El término "Harina", sin otro calificativo, se refiere según el CAA al producto obtenido de la molienda del endosperma del grano de trigo. Las harinas de otros orígenes (maíz, arroz, legumbres, etc.) deben denominarse especificando la materia prima (ej. "harina de maíz").
¿Qué reglamenta el Artículo 783 tris del CAA?
Este artículo, incorporado recientemente, reglamenta el rotulado de productos azucarados que no son miel pura.
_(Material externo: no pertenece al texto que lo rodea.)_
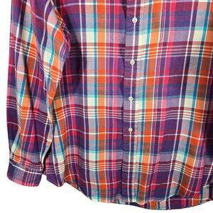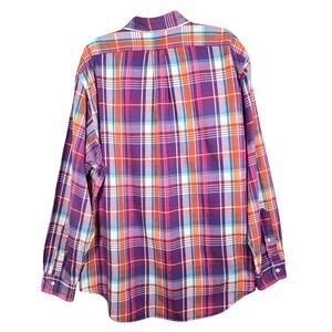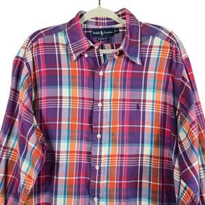 Ralph Lauren Shirt Mens XL Purple Plaid Flannel Button Up Custom Fit Pony VTG

Prohíbe el uso de términos como "miel", imágenes de abejas, colmenas, panales, flores o cualquier referencia a la miel en productos que no cumplan con la definición de miel del CAA, con el fin de evitar confusión al consumidor.
¿Por qué se enriquece la harina de trigo en Argentina?
La harina de trigo se enriquece obligatoriamente por ley (Ley 25.630) con Hierro, Ácido Fólico, Tiamina (B1), Riboflavina (B2) y Niacina (B3) para prevenir deficiencias nutricionales en la población, como la anemia, y malformaciones del tubo neural.
¿Las harinas integrales tienen menos calorías que las refinadas?
No. A igual peso, las harinas integrales tienen un valor energético (calorías) muy similar al de las harinas refinadas. Su beneficio principal radica en su mayor contenido de fibra, vitaminas y minerales, y su menor índice glucémico.
¿Una dieta sin gluten es más saludable para todos?
No. La dieta sin gluten (SIN TACC) está médicamente indicada solo para personas con enfermedad celíaca o sensibilidad al gluten. No es inherentemente más saludable para quienes no tienen estas condiciones y puede acarrear riesgos nutricionales y sociales.